Imagine being in the ocean, trapped in a swell some 700 meters from shore. Suddenly a yellow package drops out of the sky as if sent by a god, hits the water next to you and expands into a flotation device.
That was the experience of two unlucky, then lucky teenage boys off the coast of Lennox Head in Australia last week. Someone spotted the boys in distress and called it in, but the nearest lifeguard station was a kilometer away. Just that morning, however, Lennox Head had brought their new lifesaving drone into service.
In a little over a minute, a lifeguard supervisor had launched the drone, spotted the boys, flew it over to them, and remotely dropped the flotation device. The boys were able to grab it and swim to shore. Here's the footage:
The drone is manufactured by a company called Little Ripper Lifesaver, founded by Kevin Weldon after he witnessed a drone canvassing the streets of New Orleans after Hurricane Katrina and realized its lifesaving potential. The Marine Pod dropped over Lennox Head contained a water-triggered flotation device, which is repackable and reusable. The company is now testing a saltwater-activated electromagnetic shark repellent device, with plans to include that in future kits.

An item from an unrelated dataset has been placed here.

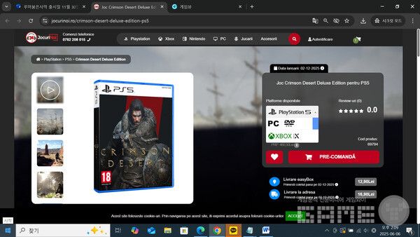 펄어비스는 ‘붉은 사막’에 대한 정확한 출시일은 공개하지 않고 올해 4분기에 출시할 것이라고 밝혀왔다. 하지만 루마니아의 한 게임 판매 사이트에서는 ‘붉은 사막’ 사전예약 페이지가 오픈됐다. 해당 사이트를 보면 '붉은 사막 디럭스 에디션' 사전 주문 페이지를 통해 출시일과 가격, 그리고 디럭스 에디션 구성품이 공개된 것을 확인할 수 있다. 해당 사이트에 의하면 ‘붉은 사막’ 출시일은 11월 30일이며 디럭스 에디션 가격은 409.99레이(약 125,000원)라고 게재되어 있다. 또한 디럭스 에디션 구성 상품은 게임 본편 패키지와 스틸팩, 브로치, 직물 지도 등 다양한 상품으로 구성된 것을 확인할 수 있다. 다만 해당 정보에 대한 진위여부는 현재로서는 알 수 없다.

Little Ripper also makes a Land Pod, which contains an automatic defibrillator, a location beacon, a thermal blanket, a radio, a highly-visible rescue banner and a first aid kit. Lastly they make a Snow Pod, which adds skin warmers and energy bars to the Land Pod.
Lennox Head received the drone as part of a trial set up by an organization called Surf Life Saving NSW and the New South Wales Government. According to ABC News,
Surf Life Saving NSW project manager for unmanned aerial vehicles (UAV), Kelvin Morton, said the project was a world-first.
"These UAVs that we're using to drop these inflatable pods is innovative, and we know that most or all of the lifesaving organisations around the world are stepping back and waiting to see how this goes."
Mr Morton said the drones gave surf lifesavers a new advantage. "It gives them eyes across the water at a height of 60 metres and they can move at 50 kilometres an hour," he said.
"They've never had that ability before. They can see things in the water that a jet-ski simply cannot."